Reid appeared over me in my line of vision.
“Shouldn’t you be over there?” I asked with a tilt of my head toward the computers.
“You’re too antsy. I’m spotting you if you’re going to pump iron.”
“I don’t need a babysitter.”
“Not babysitting,” he said. “Sparrow doesn’t need one either. This is his battle. He’s wanted this his whole fucking life.”
“For Missy...” I began, unwilling to allow myself to finish the sentence.
“We don’t know for sure. It could have been McFadden or...” He shook his head. “...can’t kill them all.”
With a grunt I lifted the four hundred pounds, straightening my elbow
s. The muscles in my shoulders and arms pulled taut. My abdomen tightened, doing its part to hold the weight steady. The bar within my grip trembled as I counted to ten.
One.
Two.
Steadily the seconds passed.
It felt good to exert myself.
Letting out a breath, I returned the bar to the cradle. The metal upon metal clanked through the tension crackling in the air. Standing, I met Reid eye to eye. “Kill every fucking one.” My head shook. “I can sure as shit try.”

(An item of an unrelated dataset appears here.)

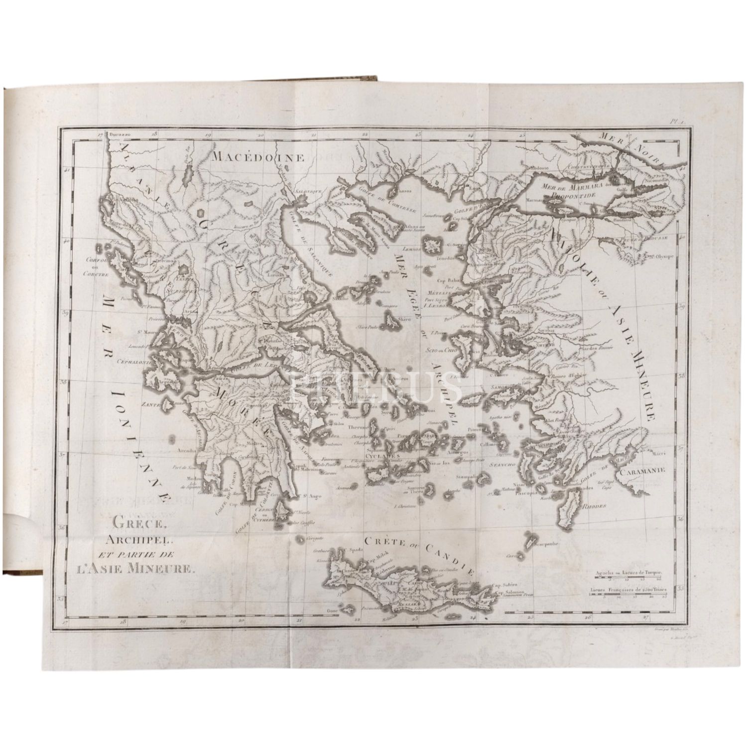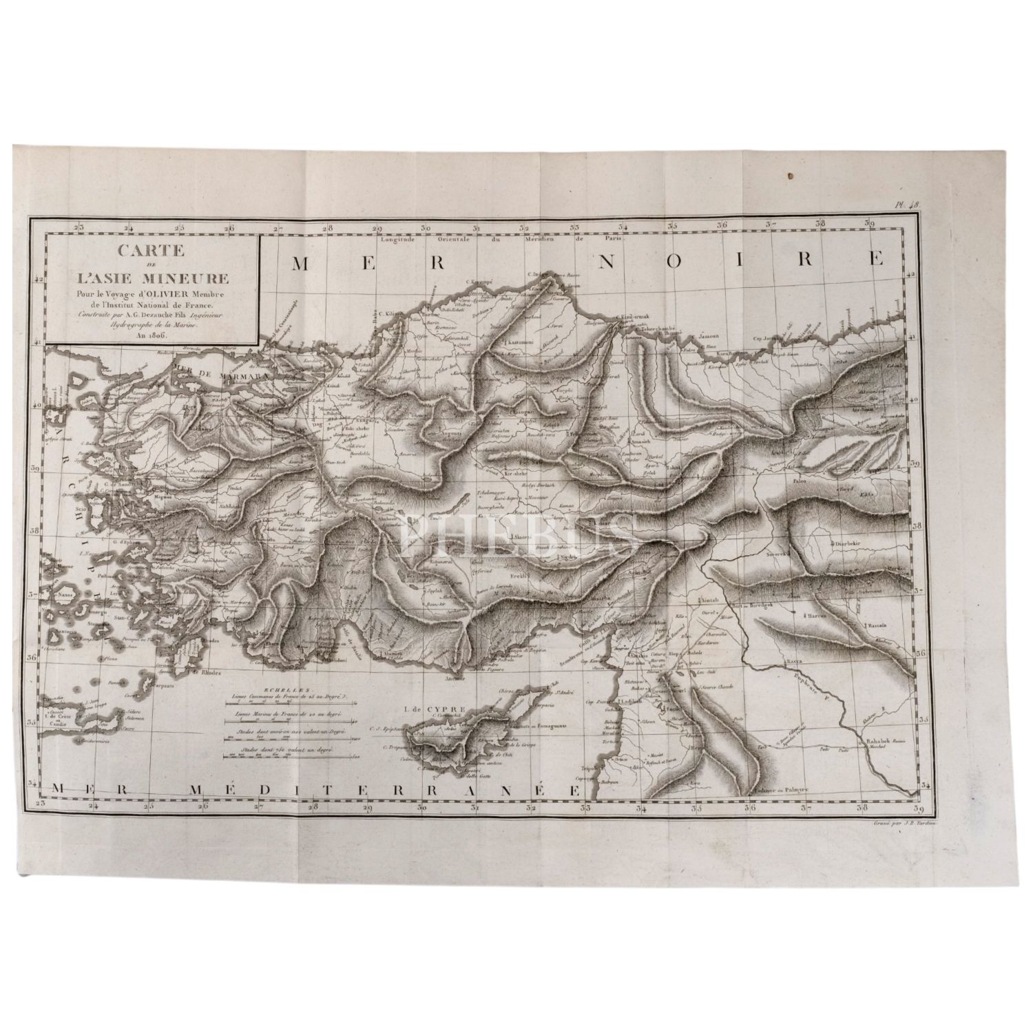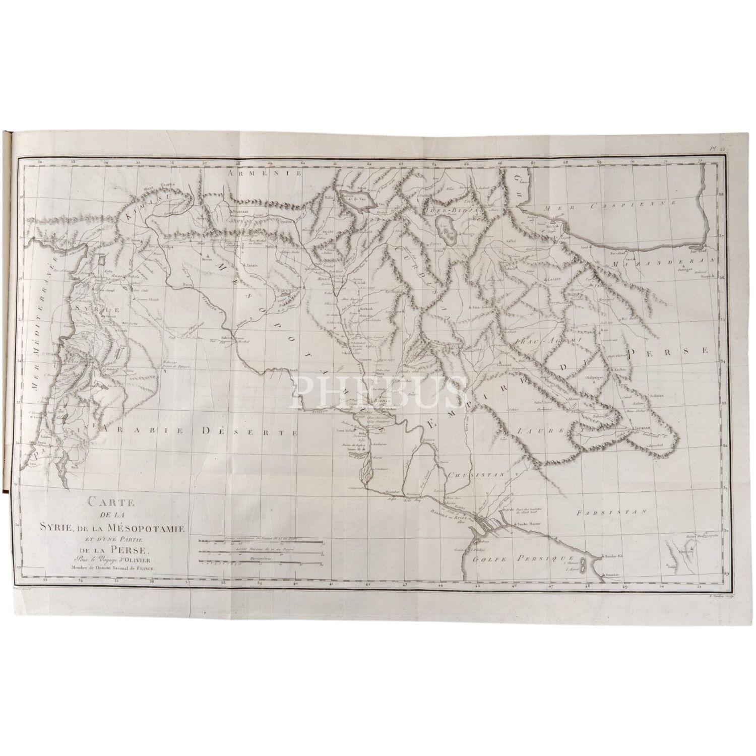 Fransız böcek ve doğa bilimci Guillaume-Antoine Olivier (1756-1814), 1792 yılında bir başka doğa bilimci Bruguiere ile birlikte Küçük Asya, İran, Mısır, Kıbrıs ve Korfu´yu kapsayan ve tamamlanması 6 yıl süren bir bilimsel yolculuğa çıkmıştır. Bu yolculukta birçok coğrafi ve jeolojik gözlemde bulunan ve botanik ve zoolojik zengin bir koleksiyon toplayan Olivier, Fransa´ya döndükten sonra seyahat gözlemlerini meraklı okurlarla paylaşmıştır. Müzayedemize sunduğumuz bu atlas, 9 katlanır levha ve 41 gravür içermektedir.
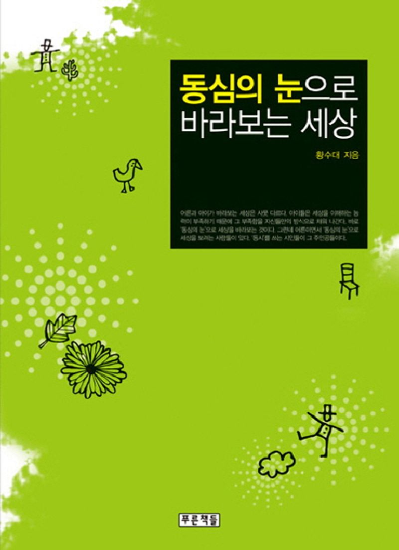 2007년 제5회 푸른문학상 ‘새로운 평론가상’을 수상하며 본격적인 평론가의 길을 걷기 시작한 황수대 평론가가 그동안 써 온 동시 비평들만을 모아 펴낸 평론집 『동심의 눈으로 바라보는 세상』은 그래서 큰 의미와 가치를 지닌다. 현재 우리 동시는 양적인 풍요를 맞고 있지만 이것이 더 나은 질적 향상으로 이어지기 위해서는 비평의 역할이 무엇보다 중요하다. 이 평론집은 우리 동시에 대한 무한한 애정을 바탕으로 한 냉철한 고찰과 전문적인 연구, 분석을 통해 우리 동시가 걸어온 길을 되짚어 보고 현재 서 있는 자리와 성과를 확인하며 앞으로 걸어가야 할 길을 제시하고 있다.

He looked up at the screens. “It should be done.”
“Let me know when you get the final signal from Patrick.”
It didn’t take long until we both let out a long sigh.
“It’s done,” Reid said.
Allister fucking Sparrow was dead.
“Hell no,” I said. “It’s only just begun. We’re going to own this city.”
“You mean Sparrow will.”
Technically Reid was right. However, for Sparrow to take and hold the position his father just unwillingly abdicated, Sparrow needed a trusted team. We were young, knowledgeable, intelligent killing machines. The old guard had let down their defenses. They’d grown soft and comfortable with the world around them. The organization was primed for a takeover. If it hadn’t been us, it would have been someone else.